Leaving out each picture, transcribe the lines of the listing below exactly from the first through the line that contains "Per un tornio".

Supplied material>
━━━━━━

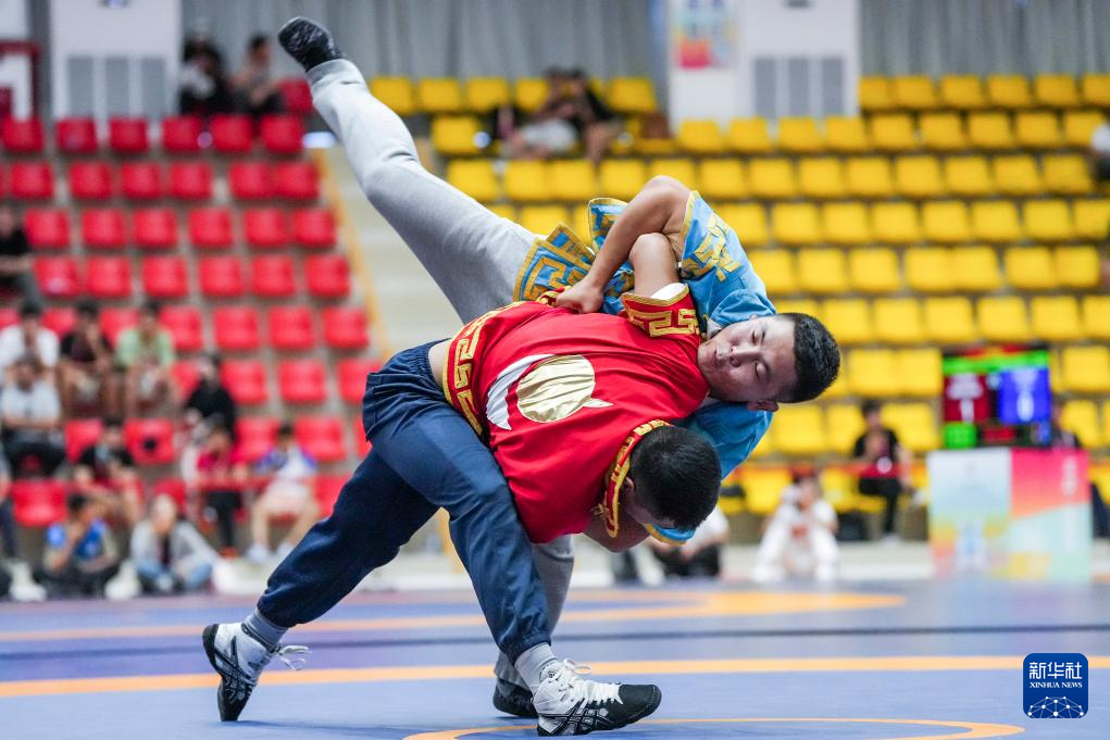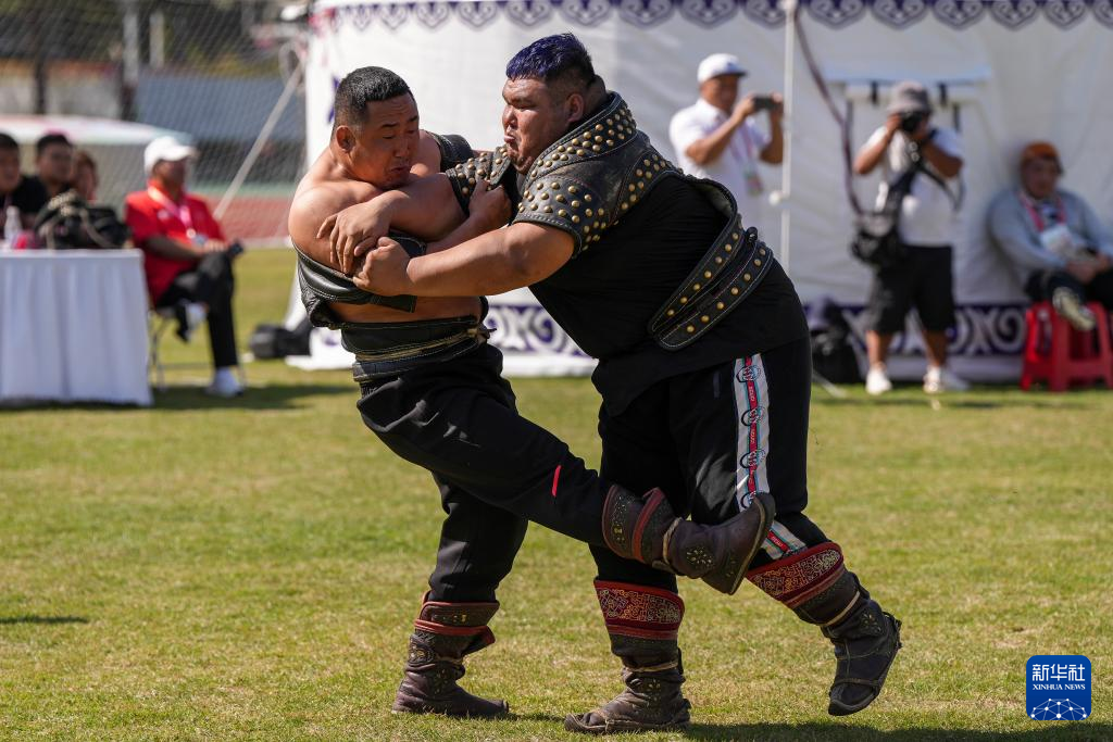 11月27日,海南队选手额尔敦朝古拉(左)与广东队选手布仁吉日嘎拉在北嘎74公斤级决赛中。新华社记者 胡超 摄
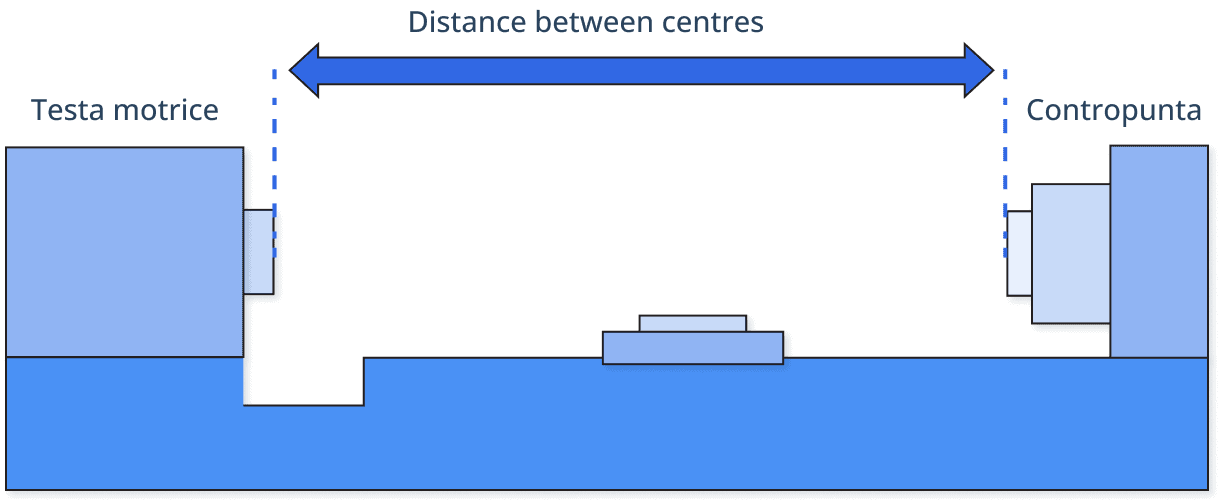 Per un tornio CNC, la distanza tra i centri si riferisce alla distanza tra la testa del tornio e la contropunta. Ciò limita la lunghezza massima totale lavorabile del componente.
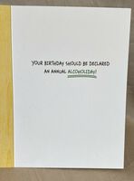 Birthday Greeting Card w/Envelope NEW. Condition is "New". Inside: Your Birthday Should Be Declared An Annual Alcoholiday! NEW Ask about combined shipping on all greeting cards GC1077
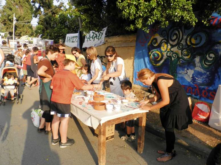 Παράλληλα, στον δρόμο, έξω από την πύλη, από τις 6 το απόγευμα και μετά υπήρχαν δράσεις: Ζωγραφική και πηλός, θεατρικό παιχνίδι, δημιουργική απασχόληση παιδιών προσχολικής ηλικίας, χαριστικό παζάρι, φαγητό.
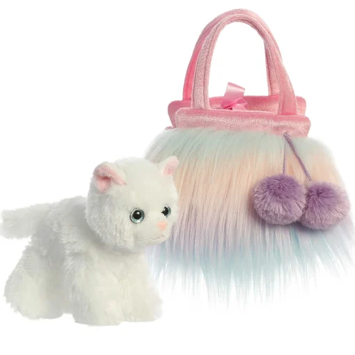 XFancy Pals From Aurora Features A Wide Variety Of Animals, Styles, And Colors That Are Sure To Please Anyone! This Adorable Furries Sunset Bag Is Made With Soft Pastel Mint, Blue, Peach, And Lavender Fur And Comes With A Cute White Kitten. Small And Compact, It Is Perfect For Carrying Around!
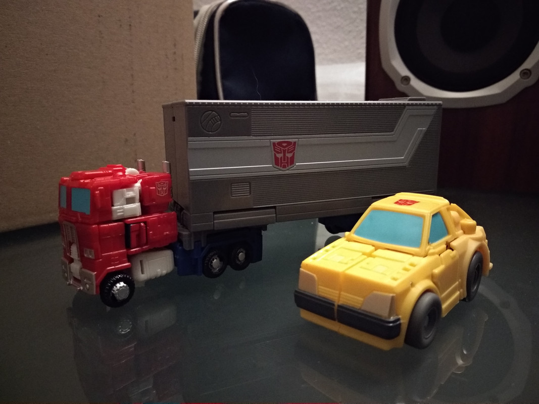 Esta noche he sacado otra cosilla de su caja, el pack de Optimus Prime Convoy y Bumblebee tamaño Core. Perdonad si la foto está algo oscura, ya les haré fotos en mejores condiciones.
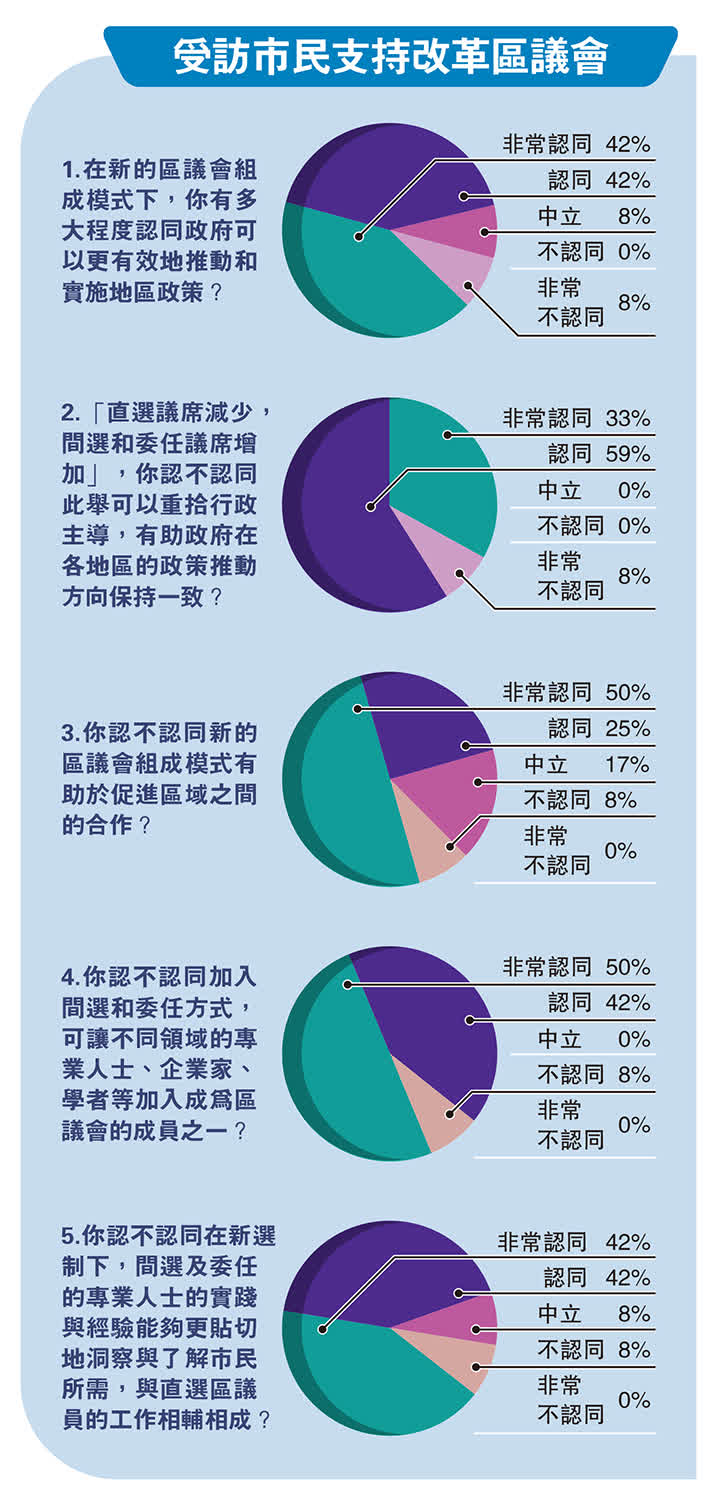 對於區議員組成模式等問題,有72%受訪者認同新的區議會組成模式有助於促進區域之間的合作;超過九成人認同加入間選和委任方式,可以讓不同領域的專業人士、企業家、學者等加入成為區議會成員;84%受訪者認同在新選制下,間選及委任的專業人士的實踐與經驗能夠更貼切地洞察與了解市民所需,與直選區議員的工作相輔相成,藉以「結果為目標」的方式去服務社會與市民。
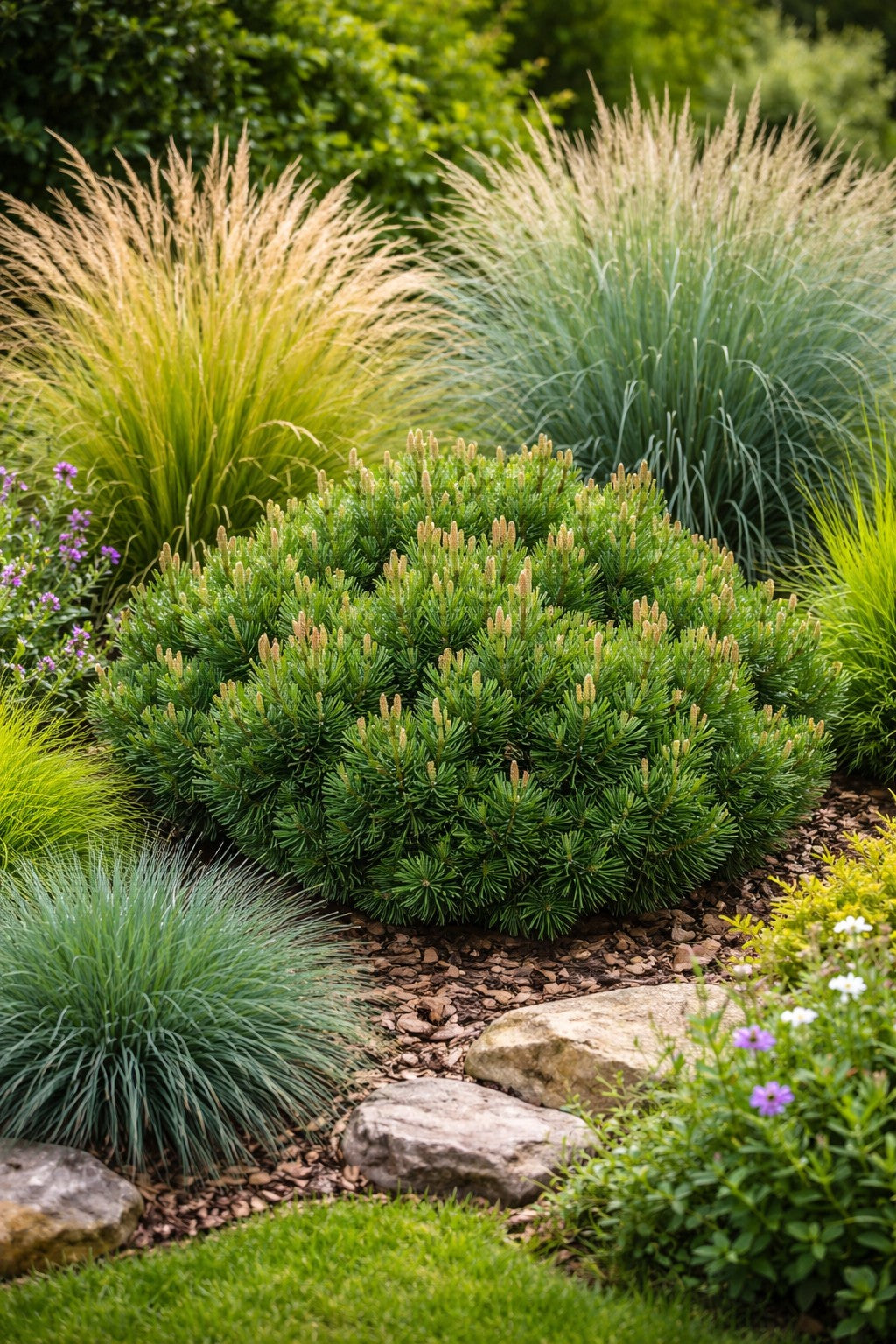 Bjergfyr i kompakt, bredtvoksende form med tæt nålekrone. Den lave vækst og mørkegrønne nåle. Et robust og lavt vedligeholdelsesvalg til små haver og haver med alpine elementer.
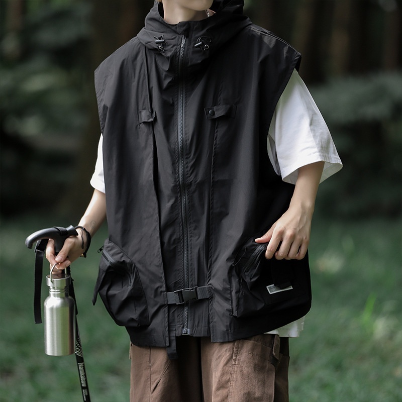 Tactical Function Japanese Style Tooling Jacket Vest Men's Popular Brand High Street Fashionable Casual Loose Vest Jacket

━━━━━━

Response>
 11月27日,海南队选手额尔敦朝古拉(左)与广东队选手布仁吉日嘎拉在北嘎74公斤级决赛中。新华社记者 胡超 摄
 Per un tornio CNC, la distanza tra i centri si riferisce alla distanza tra la testa del tornio e la contropunta. Ciò limita la lunghezza massima totale lavorabile del componente.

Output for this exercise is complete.